Um retrato inédito das bibliotecas públicas europeias
O relatório nasce de um mandato aprovado pelo Conselho da União Europeia em 2023, que pediu a um grupo do chamado Método Aberto de Coordenação para documentar o papel cultural, social e democrático das bibliotecas públicas. O resultado é o primeiro levantamento comparável à escala europeia: cerca de 67 mil bibliotecas públicas, 757 milhões de visitas e 75 milhões de utilizadores registados por ano, servidas por perto de 170 mil profissionais — um número que se manteve estável na última década, apesar de as bibliotecas terem passado a servir mais oito milhões de utilizadores. Os autores identificaram dez desafios societais em que as bibliotecas desempenham um papel ativo, da literacia à resiliência democrática, da inclusão social à resposta a catástrofes. Para quem trabalha em educação, dois desses desafios merecem particular atenção: a literacia e a democracia informacional.
A leitura em queda e o regresso da biblioteca como resposta
O relatório arranca este capítulo com um dado que qualquer professor de português reconhece de imediato: 26,2% dos jovens de 15 anos na União Europeia foram classificados como maus leitores no estudo PISA 2022 da OCDE, uma tendência acompanhada por quebras semelhantes a matemática e ciências desde 2018. A consequência, apontam os autores, não se limita à sala de aula: uma literacia limitada compromete a capacidade de participação plena na sociedade e na vida democrática, precisamente numa altura em que o Pacto para as Competências da União Europeia definiu metas ambiciosas de qualificação da população ativa.

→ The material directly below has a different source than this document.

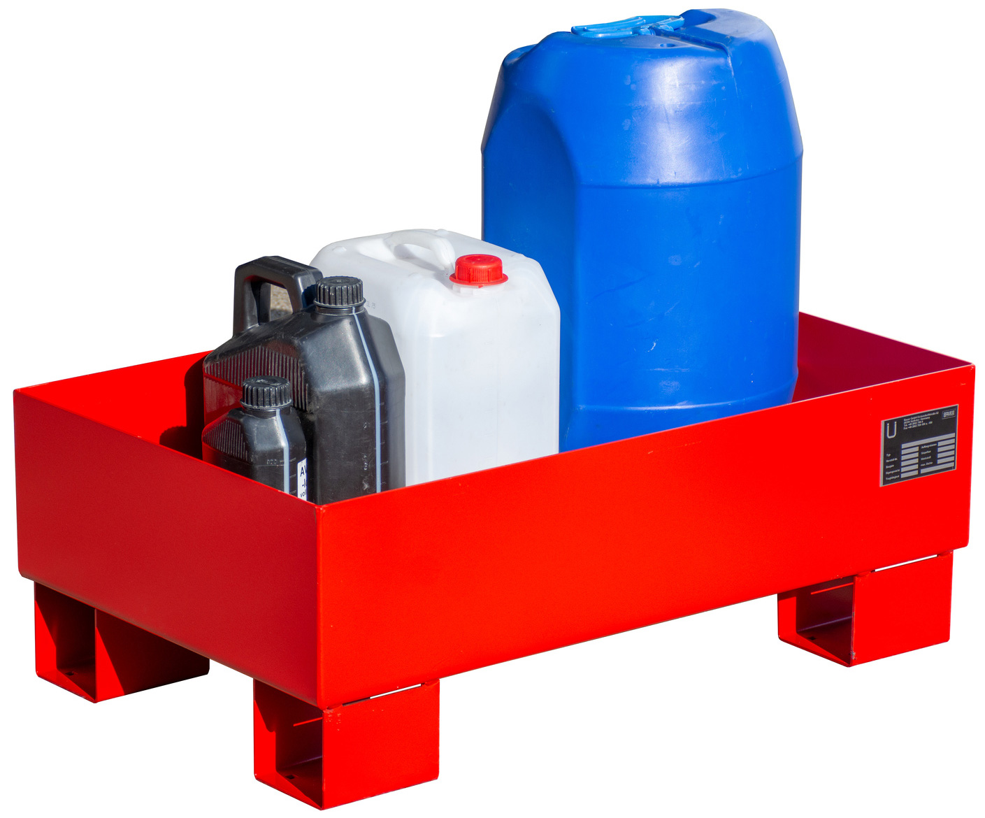 Gefahrstoffwanne feuerrot pulverbeschichtet ohne Gitterrost - Stahlwanne mit 65 Liter Auffangvolumen

É neste ponto que o relatório situa as bibliotecas públicas como parceiras da escola, não como substitutas. O documento é explícito ao descrever as bibliotecas como um complemento ao trabalho essencial das escolas, ajudando a sustentar e reforçar competências de leitura para além do horário letivo. Dois exemplos escolhidos pelos autores ilustram bem essa lógica de complementaridade. A Estratégia Nacional de Literacia 2030 da Finlândia junta educação pré-escolar, escolas, bibliotecas e serviços sociais num único plano municipal de leitura, com indicadores próprios e financiamento garantido até 2025; o programa inclui a distribuição de um «saco de leitura» a cada recém-nascido através dos centros de saúde infantil, com um livro e um convite explícito à biblioteca local. Na Polónia, a campanha «Livro pequeno — grande pessoa» chega, todos os meses, a cerca de 30 mil recém-nascidos em mais de 90% dos hospitais do país, e prolonga-se depois pelas quase sete mil bibliotecas polacas com um sistema de autocolantes e diplomas que transforma a leitura infantil num pequeno ritual de progressão.

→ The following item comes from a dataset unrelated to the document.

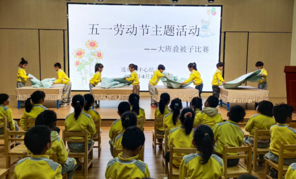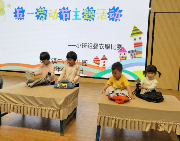 首先,各班教师通过观看图片、视频、故事、课件等,帮助幼儿了解劳动节的由来及意义。知道不同职业的劳动特点和价值,从而懂得尊重他人的劳动成果。其次,为进一步体验劳动的快乐,各年级组根据幼儿年龄特点开展了“生活技能大比拼”活动。为此精心制定了小班“叠衣服”、中班“剥毛豆”、大班“叠被子”等比赛项目。比赛时,小朋友们个个精神饱满、积极参与、表现精彩,在一片欢乐又温馨的氛围中感受了劳动的辛苦,也体验了劳动的乐趣。最后,鼓励幼儿从身边的小事做起,回家也能做一些力所能及的家务,感受劳动带来的洁净与美好。

Para uma escola portuguesa, o interesse prático destes exemplos não está em copiá-los ponto por ponto, mas no princípio que os une: a leitura por prazer floresce quando a escola, a biblioteca e a família falam a mesma língua sobre o mesmo objetivo, em vez de tratarem a leitura como tarefa exclusivamente escolar.
Bibliotecas contra a desinformação, também em Portugal
O capítulo dedicado à resiliência democrática é, provavelmente, o que mais interessa a um blogue centrado em literacia mediática. O relatório liga diretamente o enfraquecimento da confiança nas instituições, a queda na educação para a cidadania e a propagação de desinformação — sobretudo através das redes sociais — a um enfraquecimento mais amplo da vida democrática europeia. E nota, com alguma franqueza, que o recente Escudo Europeu para a Democracia, apresentado pela Comissão, sublinha a importância da literacia mediática e digital sem, no entanto, reconhecer explicitamente o papel das bibliotecas nesse esforço — uma lacuna que o próprio relatório procura corrigir.
Um dos exemplos mais relevantes para o público deste blogue tem, de facto, origem portuguesa. O projeto CLAD — Citizens and Libraries Against Disinformation —, financiado pelo programa CERV da União Europeia e implementado entre 2024 e 2026, junta o Goethe-Institut, a Associação Portuguesa de Bibliotecários, Arquivistas e Documentalistas e parceiros eslovacos para desenvolver formação e eventos comunitários que ajudam profissionais e cidadãos a identificar desinformação. O projeto parte de um diagnóstico simples: numa época de sobrecarga informativa, distinguir factos de falsidades tornou-se decisivo para decisões pessoais, profissionais e cívicas — e as bibliotecas, pela sua neutralidade e proximidade, estão bem posicionadas para esse papel.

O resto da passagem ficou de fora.